We believe the QE3 programme would trigger capital flows back to emerging markets. We believe that these capital flows are the most powerful fundamental driver of commodity prices. A key transmission mechanism of capital flows is via corporate incentives. When capital flows into emerging markets and inflation picks up, companies see profits being squeezed by a combination of rising costs, but capex remains high due to inflation and pricing power is weak.
Companies then react by gearing up to build inventories; this is an attractive proposition when real rates are low or negative. The other strategy for companies is to speculate on property due to low or negative real rates. We stress inventory build and both highly commodity intense activities.
In a situation of capital outflows, companies find themselves with thin margins and excessive debt.
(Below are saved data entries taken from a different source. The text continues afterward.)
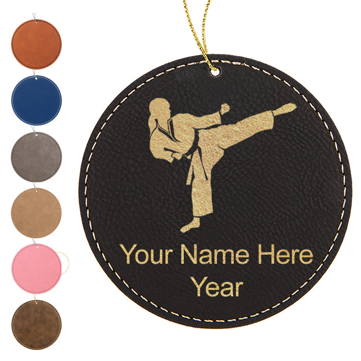 LaserGram Christmas Ornament, Karate Woman, Personalized Engraving Included (Faux Leather, Round Shape)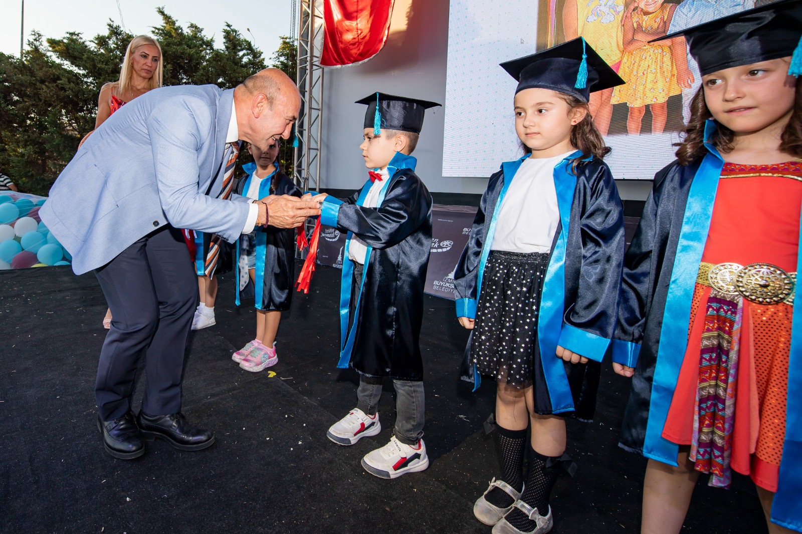 İzmir Büyükşehir Belediye Başkanı Tunç Soyer, İZELMAN Anaokulları’nın mezuniyet törenine katıldı. Başkan Soyer, “Devlet babaysa belediye ana olmalıdır. Bu yüzden anaokullarımız İzmir Büyükşehir Belediyesi’nin en değerli varlıkları” dedi. Soyer, müfredata doğa okuryazarlığı dersinin ekleneceğini de söyledi.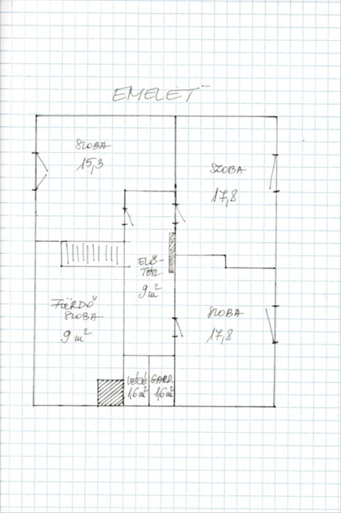-3 teljes értékű hálószoba: 15, 3 nm, 17, 8 nm, 17, 8 nm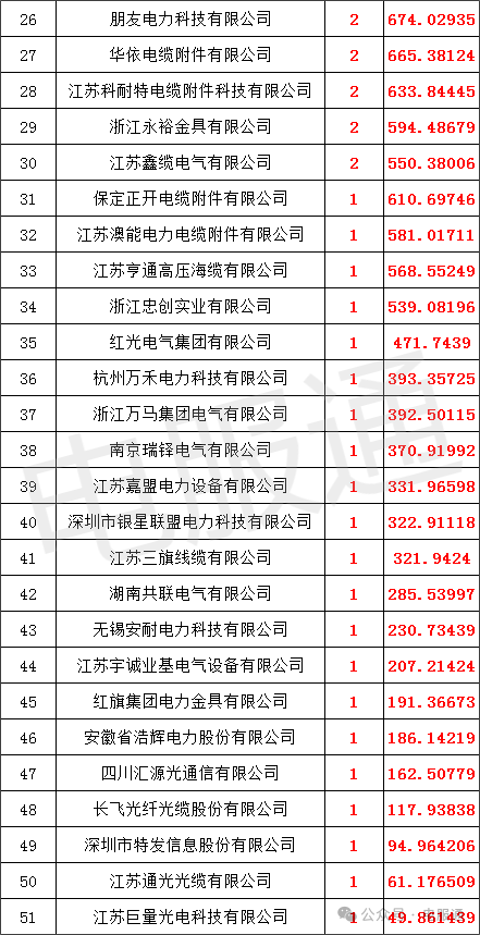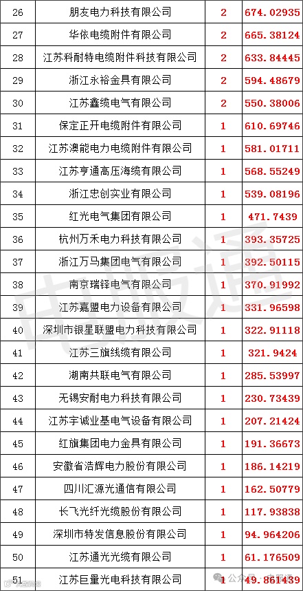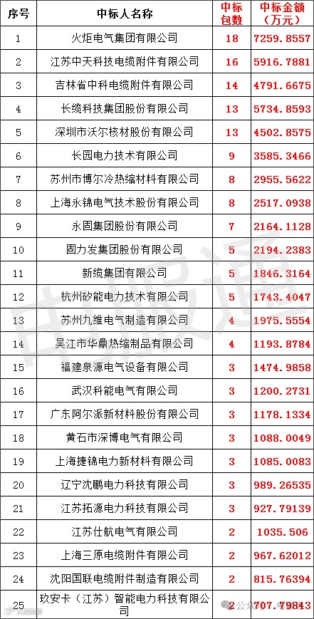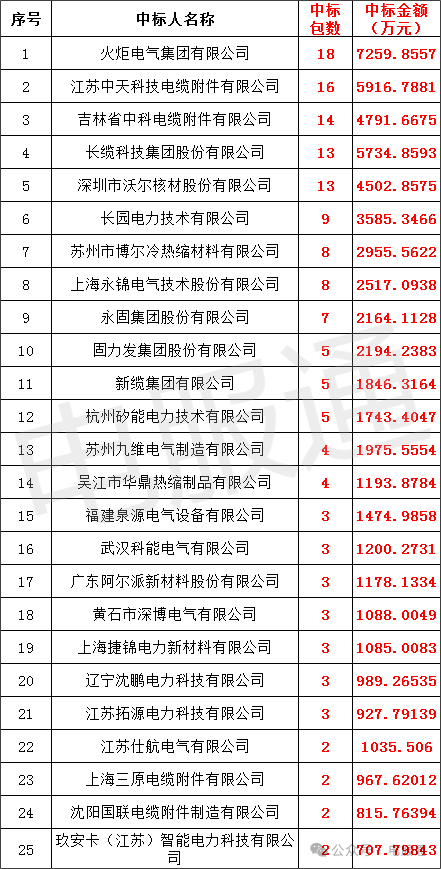 中标金额排名前三的是:火炬电气集团有限公司7529万元,江苏中天科技电缆附件有限公司5916万元,长缆科技集团股份有限公司5734万元;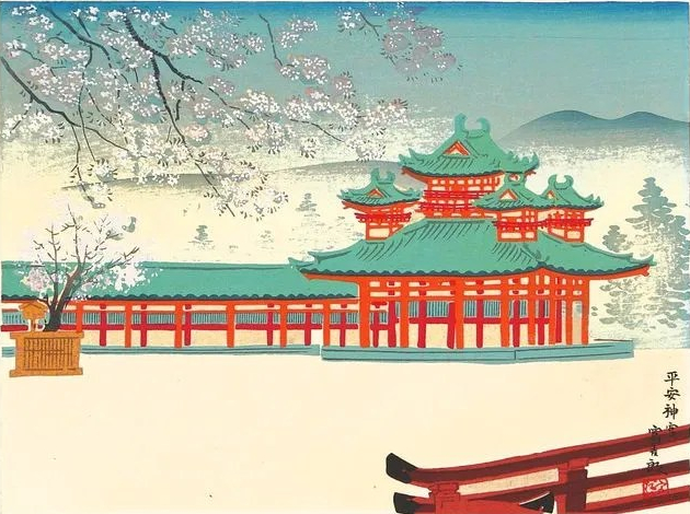 Así, hoy os queremos compartir este grabado de Tokuriki Tomikichiro titulado “Santuario Heian” en el que podemos ver un precioso santuario cuyo edificio principal fue diseñado para imitar al Palacio Imperial de Kioto.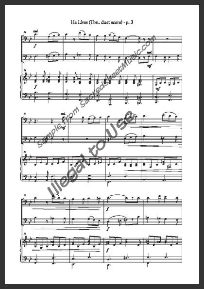 Trombone duet with piano accompaniment A bright, uplifting arrangement that celebrates Christ’s resurrection – ‘I serve a risen Savior.’. Moderately Advanced level of difficulty.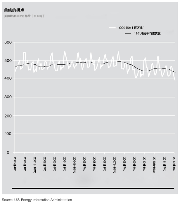 在圖表中,一年間的波動(dòng)反映了用電量急劇上升的情形,尤其是在很冷和很熱的季節(jié)。黑線為12個(gè)月的平均值變化。由于全球經(jīng)濟(jì)萎縮,碳排放曾于2009年顯著下降,并在2010年反彈,而當(dāng)前則表現(xiàn)為逐步回落。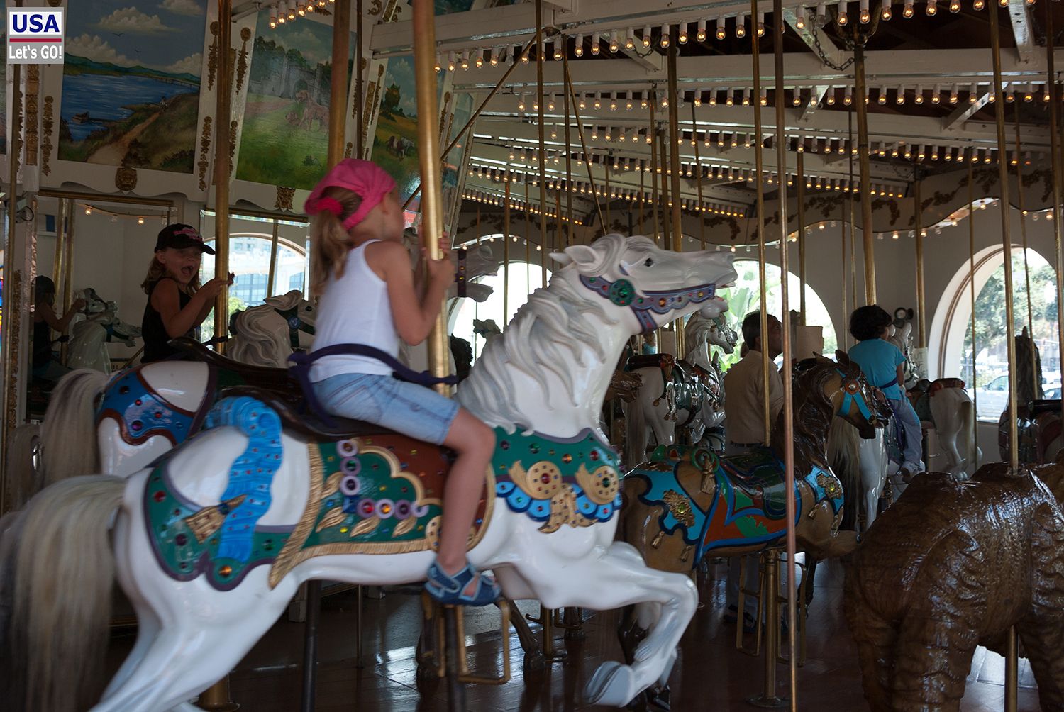 Nach dem Frühstück im Wohnmobil fuhren wir in die City. Seaport Village hieß unsere erste Anlaufstelle. Dort stand das berühmte Pferdekarussell, von dem wir Annalena und Lisa-Marie erzählt hatten. Natürlich spendierten wir eine Runde.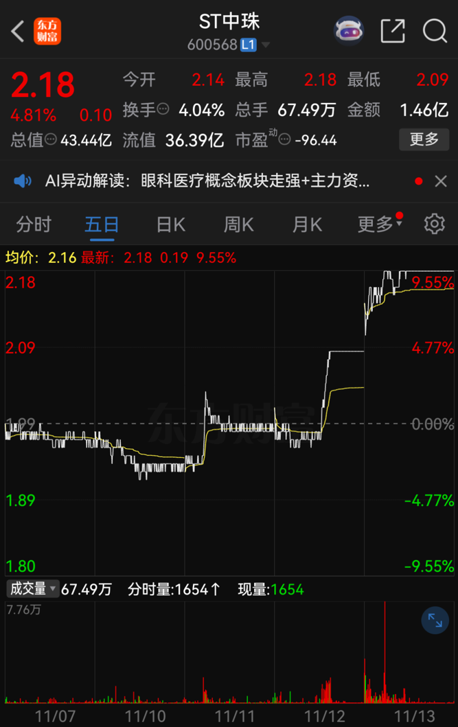 ST中珠在11月11日盘中出现股价异动,涨幅一度达4.64%,11月12日、11月13日均以涨停收盘。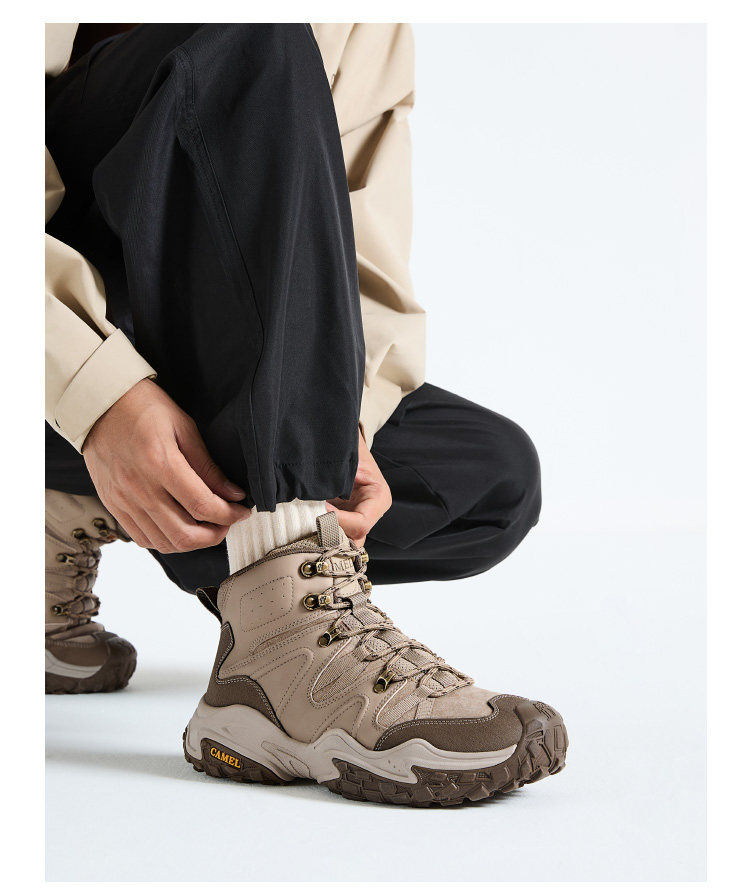 Мужские высокие кеды Camel, новинка 2025 года, осень и зима, износостойкие, нескользящие, водонепроницаемые походные туфли, удлиняющие походные туфли на толстой подошве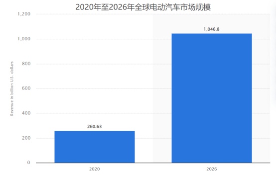 知名市场调研机构Mordor Intelligence于2022年发布的全球电动汽车市场规模预测数据显示,到2026年,电动汽车市场规模将达到10468亿美元。从2020年的统计数据算起,该市场规模年复合增速(CAGR)高达惊人的26%。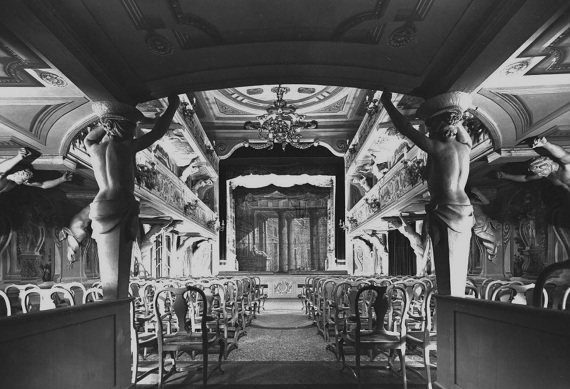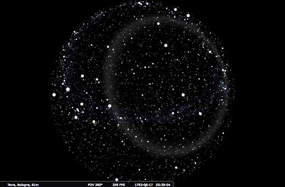 The celestial map of the sky wrapping the Villa in 1763, year of its construction, was used to modulate the visible shape of the theatre.

They are incentivised to raise cash and this is done through either destocking or selling property portfolios. When destocking and selling down property portfolios is combined with broader liquidity tightening, this generates significant fundamental pressure on commodity prices. This is the main reason we have been bearish on commodities this year.
However, QE would trigger a return of capital flows to emerging markets, which would ease liquidity, generating reflationary/inflationary pressure, as well as incentivise a restocking phase.
In China, we have seen significant consumer destocking of copper, and steelmaker destocking of iron ore. There would certainly be scope for a restock under these conditions, aided by the traditional seasonal uptick that takes place from November. Such a restocking of goods and commodities will help pushing up commodity prices.